If adults don’t have some anger about their schooling experience, they will be unable to connect with these young people. Chomsky has some anger: “Like you’re told by some stupid teacher, ‘Do this,’ which you know makes no sense whatsoever, but you do it, and if you do it you get to the next rung, and then you obey the next order, and finally you work your way through and they give you your letters: an awful lot of education is like that. . . . Some people go along with it because they figure, ‘Okay, I’ll do any stupid thing that asshole says because I want to get ahead’; others do it because they’ve just internalized the values. . . . But you do it, or else you’re out: you ask too many questions and you’re going to get in trouble. Now, there are also people who don’t go along—and they’re called ‘behavior problems,’ or ‘unmotivated,’ or things like that.”
Psychologist James Garbarino, in his well-researched 1999 book Lost Boys: Why Our Sons Turn Violent and How We Can Save Them, concludes that “when boys kill, they are seeking justice—as they see it, through their eyes.” They often come to feel like a burden to their parents, an irritation for their teachers, and a pariah among their peers.

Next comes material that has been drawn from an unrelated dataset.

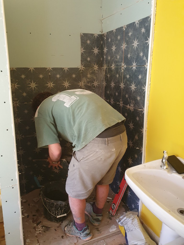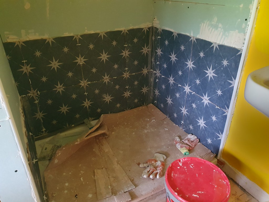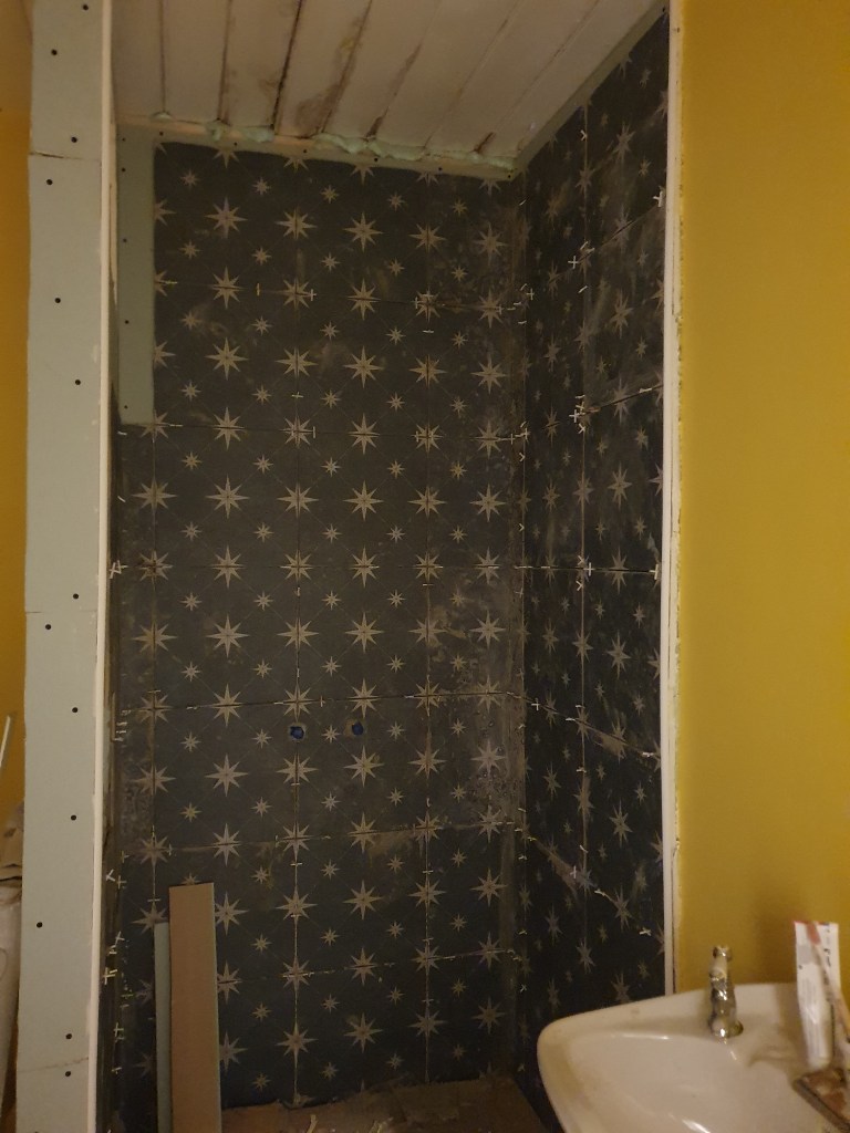 Next I started on the shower, which was much easier given the plasterboard was fairly flat. Having reached the shower pipework I handed over to Chris, as I wasn’t sure how to drill through the tiles to get the pipes through. I like the blue tiles with their starry pattern, however I can’t help be reminded of a magician’s trick box, like we might walk in and then reappear in another part of the room.

They become hopeless that their overwhelming pain will ever end, and this is a major fuel for their violence against themselves and/or others.

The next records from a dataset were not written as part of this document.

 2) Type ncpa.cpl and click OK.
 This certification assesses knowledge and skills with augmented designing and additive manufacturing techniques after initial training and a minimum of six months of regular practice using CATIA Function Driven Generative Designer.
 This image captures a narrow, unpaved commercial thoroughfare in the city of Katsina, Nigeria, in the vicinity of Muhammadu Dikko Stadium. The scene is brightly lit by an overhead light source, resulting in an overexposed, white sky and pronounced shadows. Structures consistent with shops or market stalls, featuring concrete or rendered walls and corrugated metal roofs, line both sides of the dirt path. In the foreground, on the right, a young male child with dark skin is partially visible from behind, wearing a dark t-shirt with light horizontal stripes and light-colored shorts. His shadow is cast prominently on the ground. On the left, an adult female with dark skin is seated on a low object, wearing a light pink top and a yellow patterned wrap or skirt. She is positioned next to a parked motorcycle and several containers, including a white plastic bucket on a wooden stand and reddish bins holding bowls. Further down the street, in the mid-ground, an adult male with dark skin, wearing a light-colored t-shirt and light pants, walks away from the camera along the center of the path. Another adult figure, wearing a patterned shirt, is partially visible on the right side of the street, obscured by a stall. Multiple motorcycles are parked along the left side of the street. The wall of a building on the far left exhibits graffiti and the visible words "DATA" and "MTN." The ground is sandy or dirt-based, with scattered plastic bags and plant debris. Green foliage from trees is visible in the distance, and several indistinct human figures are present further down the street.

Not only from their teachers and principals in their school lives and from their parents and stepparents in their family lives, but also from peer shaming in their Internet lives, these young people have learned that society is generally an uncaring place in which there are predators and prey, exploiters and the exploited, oppressors and the oppressed. They are often hopeless that there is a path besides being a victimizer or a victim.
I have no antidote for young people’s hopelessness about U.S. society, but there can be an antidote to hopelessness about their personal lives—a mutually respectful and affectionate relationship with a nonviolent person. If they connect with an adult who has experienced overwhelming pain but who has come to live a more joyful life, they can acquire hope that their own pain may not be permanent. Some troubled young people are so distrusting of adults that they will never risk such a relationship, however, some will take the risk.

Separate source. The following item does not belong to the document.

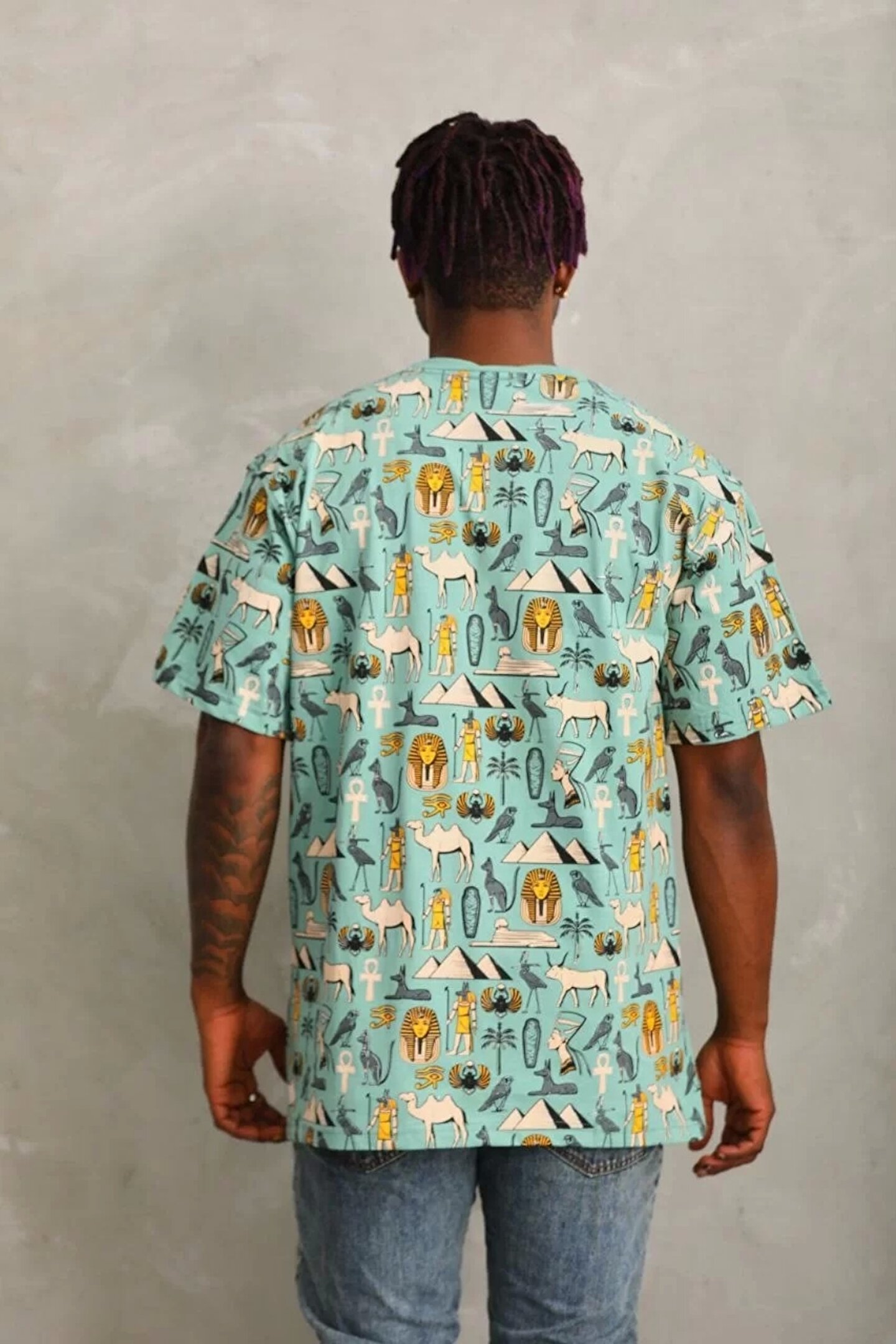 Unisex Oversize Baskılı Bisiklet Yaka T-Shirt - Mint Yeşili

Such a healing relationship begins with an adult emotionally connecting with a young person’s anger, alienation, and hopelessness. Unfortunately, teachers, principals, politicians, police, psychiatrists, psychologists, parents, and other authorities are socialized to the idea that being an authority for young people means denying anger, alienation, and hopelessness. So, from them, young people experience lectures that—even on their Adderall—do not compel attention; and they receive questioning that—even on their antidepressants—feels like torturous interrogations.
While not all troubled young people can be reached, some can be. However, adults who deny anger, alienation, and hopelessness give themselves no chance of connecting. And without a connection, there is no genuine dialogue. And without such a dialogue, all of us—especially angry, alienated, and hopeless young people—can get carried away with our nonsense.